Task to carry out >> Print the lines that run from the line with "Bloomer locomotive number 401" to the line with "Main Building –", keeping both end lines, exactly as they appear in the entries below, and nothing else.

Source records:
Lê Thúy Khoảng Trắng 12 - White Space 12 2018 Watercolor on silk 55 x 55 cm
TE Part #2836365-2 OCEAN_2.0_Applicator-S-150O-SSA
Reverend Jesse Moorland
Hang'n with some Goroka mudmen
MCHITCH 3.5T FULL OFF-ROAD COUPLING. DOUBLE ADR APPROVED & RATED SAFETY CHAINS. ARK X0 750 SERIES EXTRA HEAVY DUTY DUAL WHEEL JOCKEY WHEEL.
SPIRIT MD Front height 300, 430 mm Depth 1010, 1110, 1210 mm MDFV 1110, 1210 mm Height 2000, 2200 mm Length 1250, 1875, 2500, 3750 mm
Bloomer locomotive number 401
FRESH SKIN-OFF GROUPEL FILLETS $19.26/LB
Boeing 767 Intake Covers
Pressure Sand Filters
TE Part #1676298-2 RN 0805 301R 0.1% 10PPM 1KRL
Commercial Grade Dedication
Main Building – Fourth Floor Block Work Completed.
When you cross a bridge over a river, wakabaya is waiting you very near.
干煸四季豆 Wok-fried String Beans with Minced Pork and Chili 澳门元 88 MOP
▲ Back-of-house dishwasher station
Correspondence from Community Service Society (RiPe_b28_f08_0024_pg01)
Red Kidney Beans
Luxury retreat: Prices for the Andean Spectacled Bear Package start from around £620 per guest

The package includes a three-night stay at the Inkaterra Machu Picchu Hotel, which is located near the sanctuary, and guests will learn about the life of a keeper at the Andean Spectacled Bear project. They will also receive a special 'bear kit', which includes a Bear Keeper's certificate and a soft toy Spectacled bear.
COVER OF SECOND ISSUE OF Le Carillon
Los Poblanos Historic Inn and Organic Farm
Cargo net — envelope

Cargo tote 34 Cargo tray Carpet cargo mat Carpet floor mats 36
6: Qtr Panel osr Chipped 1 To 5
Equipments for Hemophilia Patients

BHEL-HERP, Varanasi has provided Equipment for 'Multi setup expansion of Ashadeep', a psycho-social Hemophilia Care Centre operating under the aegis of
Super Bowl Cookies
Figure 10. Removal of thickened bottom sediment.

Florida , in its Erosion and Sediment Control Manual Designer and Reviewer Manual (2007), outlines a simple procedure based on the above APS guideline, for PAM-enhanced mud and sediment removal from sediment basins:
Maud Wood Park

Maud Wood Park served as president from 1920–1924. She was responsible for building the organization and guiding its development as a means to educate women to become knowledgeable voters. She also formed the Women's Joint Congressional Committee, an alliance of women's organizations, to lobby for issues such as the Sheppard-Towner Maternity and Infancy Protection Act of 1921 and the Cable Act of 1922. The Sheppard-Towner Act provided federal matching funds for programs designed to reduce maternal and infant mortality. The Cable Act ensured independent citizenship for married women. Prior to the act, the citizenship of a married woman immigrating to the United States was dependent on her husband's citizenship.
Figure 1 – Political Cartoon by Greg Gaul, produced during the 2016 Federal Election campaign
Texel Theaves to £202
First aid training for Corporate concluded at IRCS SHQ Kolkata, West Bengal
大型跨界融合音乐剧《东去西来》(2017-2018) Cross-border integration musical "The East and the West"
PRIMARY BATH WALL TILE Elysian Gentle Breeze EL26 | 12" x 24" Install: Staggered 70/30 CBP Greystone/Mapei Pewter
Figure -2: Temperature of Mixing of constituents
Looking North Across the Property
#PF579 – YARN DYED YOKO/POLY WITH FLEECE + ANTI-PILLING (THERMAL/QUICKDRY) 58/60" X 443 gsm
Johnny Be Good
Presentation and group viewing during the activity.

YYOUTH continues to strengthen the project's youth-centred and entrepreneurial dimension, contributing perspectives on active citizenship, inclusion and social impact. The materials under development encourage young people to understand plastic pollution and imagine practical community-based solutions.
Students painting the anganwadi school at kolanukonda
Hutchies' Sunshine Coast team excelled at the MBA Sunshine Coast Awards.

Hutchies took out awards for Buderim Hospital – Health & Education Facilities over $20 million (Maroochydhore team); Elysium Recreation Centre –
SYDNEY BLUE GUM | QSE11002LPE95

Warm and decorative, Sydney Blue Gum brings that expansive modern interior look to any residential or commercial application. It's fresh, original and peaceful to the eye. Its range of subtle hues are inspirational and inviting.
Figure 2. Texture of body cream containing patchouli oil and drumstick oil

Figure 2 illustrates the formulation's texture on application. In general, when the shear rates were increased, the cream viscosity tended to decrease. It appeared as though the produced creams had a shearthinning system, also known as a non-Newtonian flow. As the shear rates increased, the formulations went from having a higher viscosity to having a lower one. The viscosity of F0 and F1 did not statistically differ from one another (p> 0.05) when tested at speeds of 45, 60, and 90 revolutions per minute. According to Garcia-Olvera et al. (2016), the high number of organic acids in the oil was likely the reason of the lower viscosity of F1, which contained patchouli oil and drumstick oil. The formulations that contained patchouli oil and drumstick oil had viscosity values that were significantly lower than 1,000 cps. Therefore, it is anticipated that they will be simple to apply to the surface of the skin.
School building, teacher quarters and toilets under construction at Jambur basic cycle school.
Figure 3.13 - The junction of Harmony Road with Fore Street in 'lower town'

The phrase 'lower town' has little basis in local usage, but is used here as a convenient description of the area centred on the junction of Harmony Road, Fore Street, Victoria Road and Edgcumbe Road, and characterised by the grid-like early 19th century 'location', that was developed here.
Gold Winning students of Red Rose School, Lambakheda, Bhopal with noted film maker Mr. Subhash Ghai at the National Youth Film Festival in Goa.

Exercise response >>
Bloomer locomotive number 401
FRESH SKIN-OFF GROUPEL FILLETS $19.26/LB
Boeing 767 Intake Covers
Pressure Sand Filters
TE Part #1676298-2 RN 0805 301R 0.1% 10PPM 1KRL
Commercial Grade Dedication
Main Building – Fourth Floor Block Work Completed.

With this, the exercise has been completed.